- 1924 editor of Good Housekeeping
- Born: 3 May 1886 Notting Hill, England
- Died: 25 July 1981 (aged 95) Kensington, England

= Alice Head =

English journalist and businesswoman

Alice Maud Head (3 May 1886 – 25 July 1981) was an English journalist and businesswoman. She was said to be the highest paid woman when she was editing Good Housekeeping and being William Randolph Hearst's European head.

==Life==
Head was born to very strict parents in Notting Hill in 1886. She was educated at North London Collegiate School for Girls and her mother took her to get a job as a typist on the magazine Country Life. Employed to type, she was allowed to write short articles which fell in with her ambition to be a journalist. By the age of 22 George Riddell made her the editor of Woman at Home. In 1917 she was offered a salary of £10 a week to become the editor of Nash's Magazine for William Randolph Hearst organisation.

Head was chosen to create a version of the American Good Housekeeping magazine for the British market. Head created a number of dummy issues before she felt it was ready. In 1923 she became the assistant editor of the magazine.

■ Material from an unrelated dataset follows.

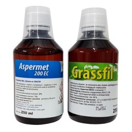 Zwalczanie komarów i kleszczy na powierzchniach zewnętrznych: stosować oprysk w proporcji 100 ml Aspermetu i 100 ml Grasfilu (adjuwant) w 10 litrach wody. Powstała ciecz robocza wystarcza na 200m2.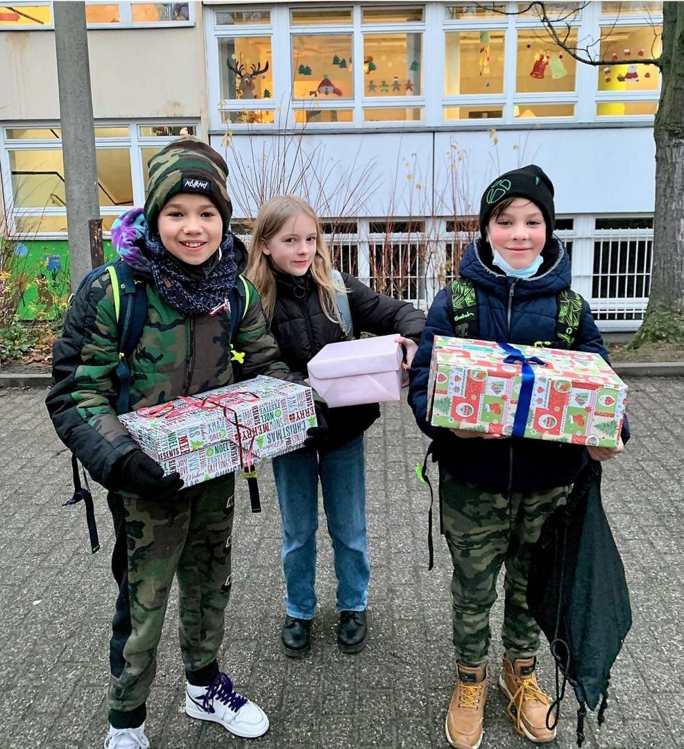 Kieran erzählte mir vor Kurzem, dass er gern bei der Aktion „Weihnachten im Schuhkarton“ mitmachen wolle. Ich finde diese Idee seit ihrem Bestehen großartig und ermunterte ihn, die Eltern der Klasse mit ins Boot zu holen. Dafür aber oder gar eine Gesamtschulaktion war es etwas kurzfristig, aber: Kieran, Mick, Luisa und Giovanni haben sich freudig ans Packen einiger Schuhkartons gemacht, um Kindern in Not zu Weihnachten eine kleine Freude zu bereiten. Dank ihnen gehen nun 6 Kartons auf die Reise zu Kindern nach Osteuropa.

Head was thrust into notability when William Randolph Hearst decided to promote Head to be the managing director of Good Housekeeping. He had never met her. She was allegedly the highest paid woman in Europe. She would deputise for Hearst making decisions on his behalf about not just editing but also buying for him St Donat's Castle, expensive art objects and three giraffes for his zoo. Head remained in charge until 1939. In 1939 she wrote her autobiography It Could Never Have Happened.

By 1941 the Hearst empire had peaked and took a new job editing Homes and Gardens. The following year she was a director of Country Life magazine. These jobs took her to her retirement in 1949. Head died at her flat in Kensington in 1981.